Business Process Optinisation: Four ways to use KPI to be profitable

Obituaries
There is a saying that “what is not measured cannot get done.” Similarly in business, if the performance of the business is not measured then that business can never achieve sustainable profitability.

There is a saying that “what is not measured cannot get done.” Similarly in business, if the performance of the business is not measured then that business can never achieve sustainable profitability. Measuring a business performance at the end of the quarter or end of the half year or end of year is a mistake that most businesses make and then wonder why they can never seem to fix their performance.

WINSTON ZVIRIKUZHE

Businesses can use Key Performance Indicators (KPI) measurement to be profitable. l Make KPI a daily target Businesses must learn that their profit is the sum of their daily, hourly and per-minute activities. If a business measures its activities more rigourously it has a higher level of control on its final financial statement outcome. Prevention is better than cure, measuring performance daily or at a regular rate enables the business to detect any instances where correction is required. Think of a company selling burgers, if it only measures its result at the end of the month, it might discover that it sold 1 000 burgers instead of the targeted 1 500 burgers.
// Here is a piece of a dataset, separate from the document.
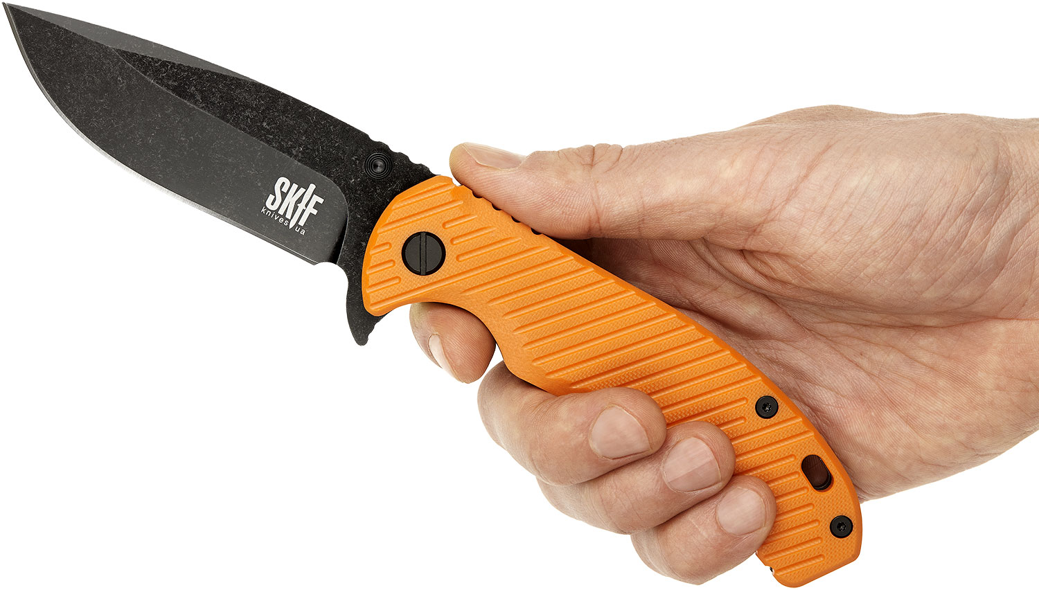 Руків'я, виконане з матеріалу G10, відмінно лежить навіть у вологій руці або рукавичках. Присутня кліпса, яку при необхідності можна зняти та користуватись темляком, під який передбачено отвір.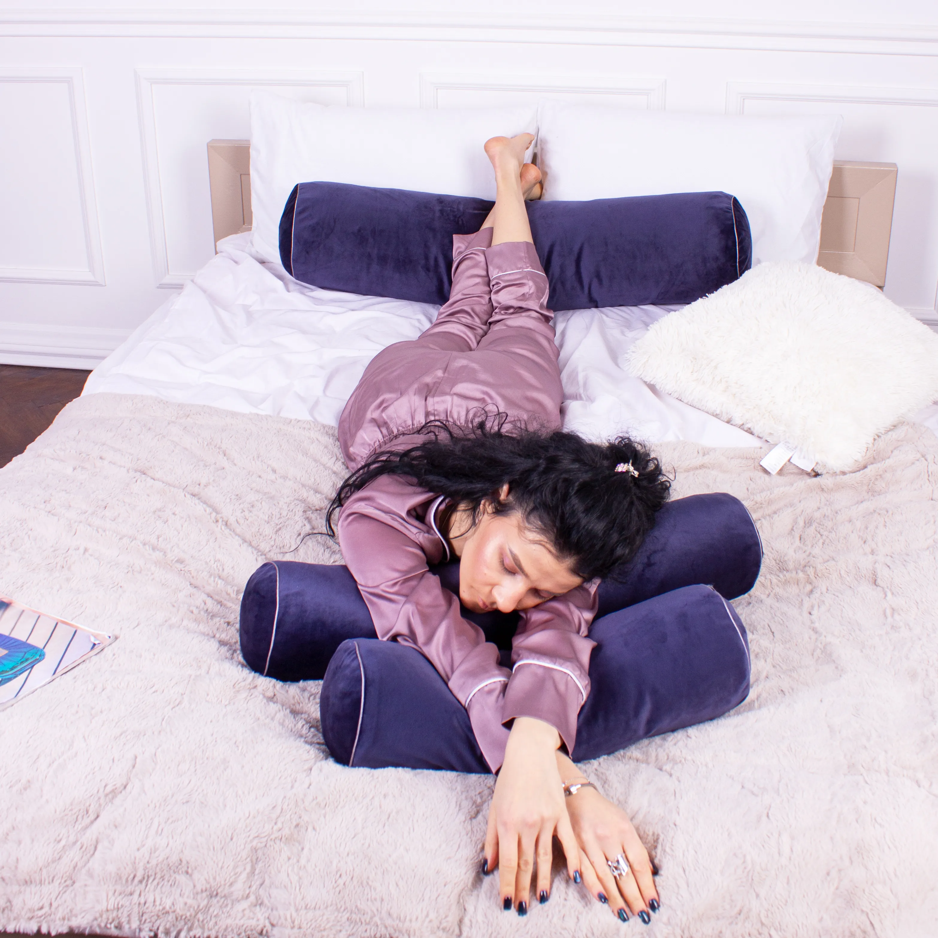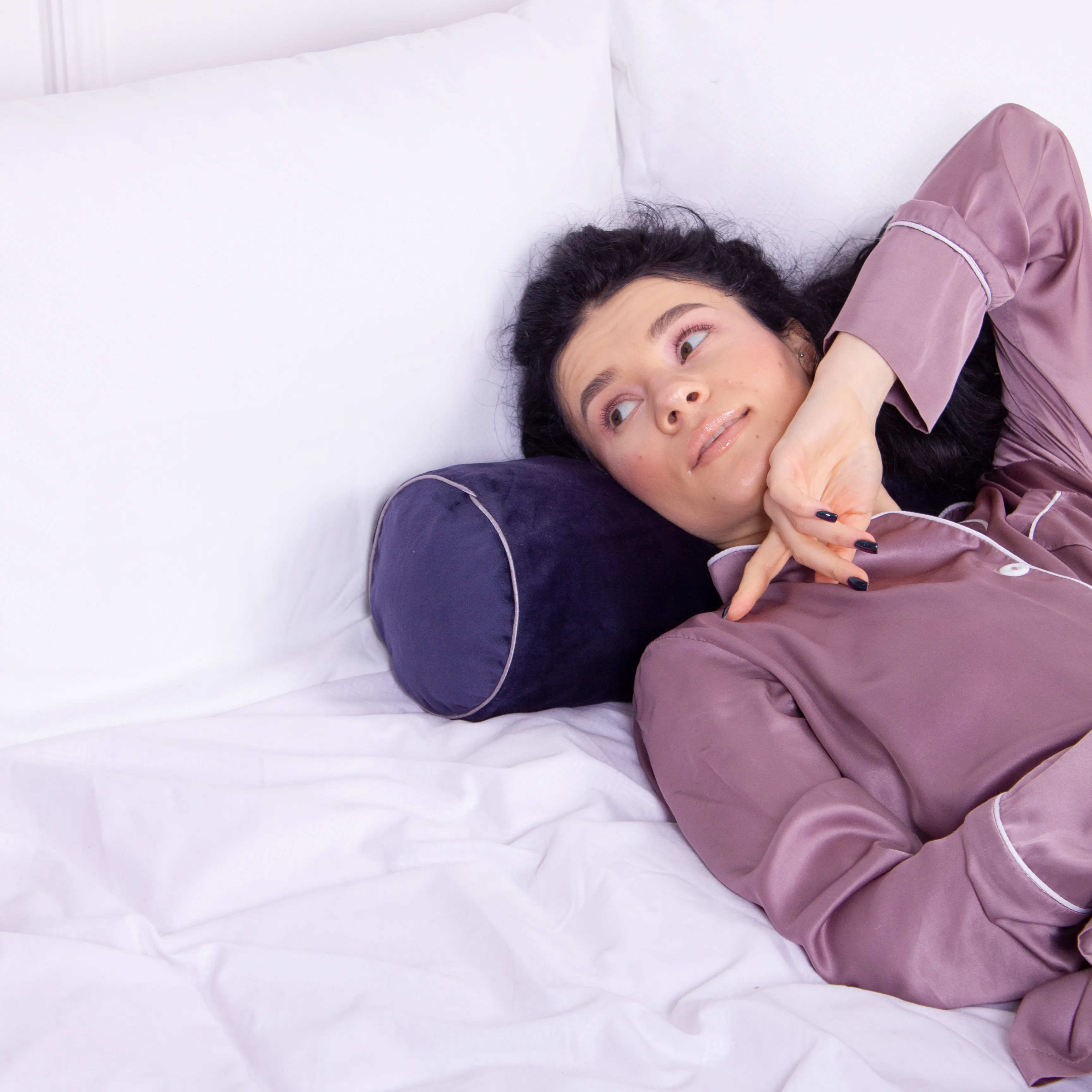 Подушка-валик №8398 Velvet Line 28-0006 Navy blue Tencel

If, however, the business knows the number of burgers they need to push per day and discover that the business is falling short, then the business has a greater chance of rectifying its selling techniques or marketing in order to achieve ther 1 500 sales per month target.

l Make people accountable to each KPI The absence of accountability is the absence of responsibility. Each KPI must have a particular person who is in charge of it. Hence, when sales fall short, there must be a person who is answerable. There may be teams who are in charge of particular areas but the rule is that there must be at least one particular person who is answerable. What this does is enable KPIs to be acted upon. If everyone is accountable then everyone will ignore or leave unattended and assume that it is someone else’s responsibility to ensure a particular KPI is met. So that basically leaves work undone.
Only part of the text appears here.